I need to admit that I need.

Seeking

  1. to go in search or quest of: to seek the truth.
    2. to try to find or discover by searching or questioning: to seek the solution to a problem.
    3. to try to obtain.
    4. to try or attempt.
    5. to go to: to seek a place to rest.
    6. to ask for; request:to seek advice.

 

Trying to even come up with a word for how I’m feeling the past while was hard. Seeking seems to fit though.

I find myself feeling lost in a sense. Roles and actions that used to be a part of how I identified “me” are no more. They have changed and with that change has come a sense of being adrift. A sense of feeling unknown in a way but at the same time, acutely aware that the core of me is very much clear and there. A dichotomy that leaves me feeling propelled and paralyzed.

Instead of lamenting what has been lost or what has changed, I am trying to look simply at what is now and what I want for the future. Looking back can only do so much for guidance moving forward and the truth is that what’s past is past; what’s gone is gone. Done, now what?

I came across a show the other day that had this thought in it: Our “issues” are gifts. While that is hard for me to swallow on a few “issues”, I get the sentiment and actually do embrace it. I wouldn’t be the woman I am today without the experiences I have had to get to this point. Things I have lived through and and with (and still do) have shaped the facets of who I am. Definitively, without a question, they are what made me, me. So where does that leave me in my seeking and what exactly is it I am seeking?

Simply, freedom. Release. The ability to move forward and to express what is deeply and authentically, me. I’m the only one who can give myself that and I am, slowly, recognizing that. It is sad and exciting to realize that the only thing standing between myself and how I want to live and things I want to do and achieve is me. What stops me from doing all of those things that I say “I know, I know” when my partner points out actions? It’s me. Just like it is for all of us.

We vent and express and talk about changes we want to make or things we want to do and if we are lucky enough to have someone who listens – and offers ideas or directions – we sit and nod and say yes, I know, I will, I should, I am going to…. We even say it to ourselves when it’s just our own voice that tells us what we already know we have to do. So why don’t we? Why don’t I? There’s the question; and only I know the answer. Just like it is for all of us. Only I can find what I’m seeking. Only I can make happen what I want. That thought is what has propelled and paralyzed me for so long it feels like. Not anymore though.

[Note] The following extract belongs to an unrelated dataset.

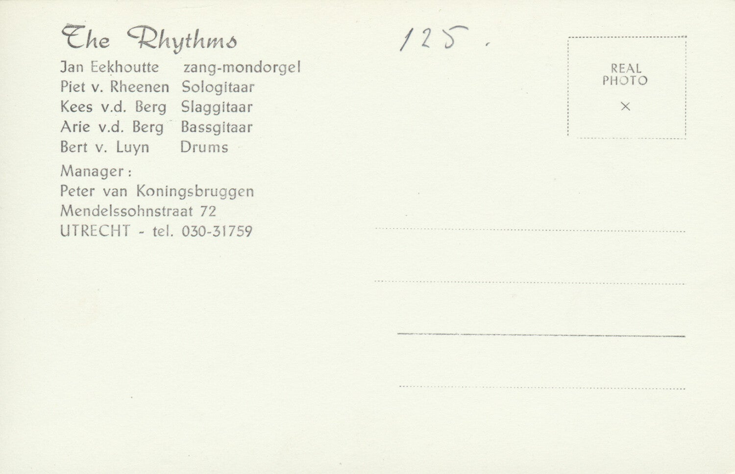 [101480] Nederbeat/Nederbiet act from Utrecht. 1960s. 13.9x9.0cm. Jan Eekhoutte - Piet van Rheenen - Kees v.d. Berg - Arie v.d. Berg - Bert van Luyn. Condition: excellent.

Life has a way of flitting by. Each day is so filled and busy and so just “life” that it goes by almost without notice. There has come an awareness lately for me that is raw and hard to live with. The awareness that time is not on my side. The years have slid by so fast and I have found myself grieving a life that I wanted to live that I haven’t. Experiences that have always been “some day”. The freedom to live true to who I am finally realized but it feels so late and like so much of my life has been lived small and that so much has been unrealized. The weight of what I haven’t accomplished or expressed or tried or experienced is so much more of a burden to bear than what I have – and that’s not the way I want it to be. So the time to change that is now. Now, because I am done being paralyzed. I’m done being held in place by the sheer feeling of being suffocated by regret and fear of “what if”. Propelled, not paralyzed is how it needs to be.

 

I wondered today, as I weighed and measured myself, what it would be like to be free of all this. To just be done with the impact that all those numbers have on me. What would it be like to just look at my body and not measure its value or worth or how I feel about it based on anything other than how it simply IS. What would happen if I saw the little extra here and there and just shrugged and went about my day and felt fabulous and sexy and desirable and strong and all those other feelings that get snagged in the daily net of “not good enough”?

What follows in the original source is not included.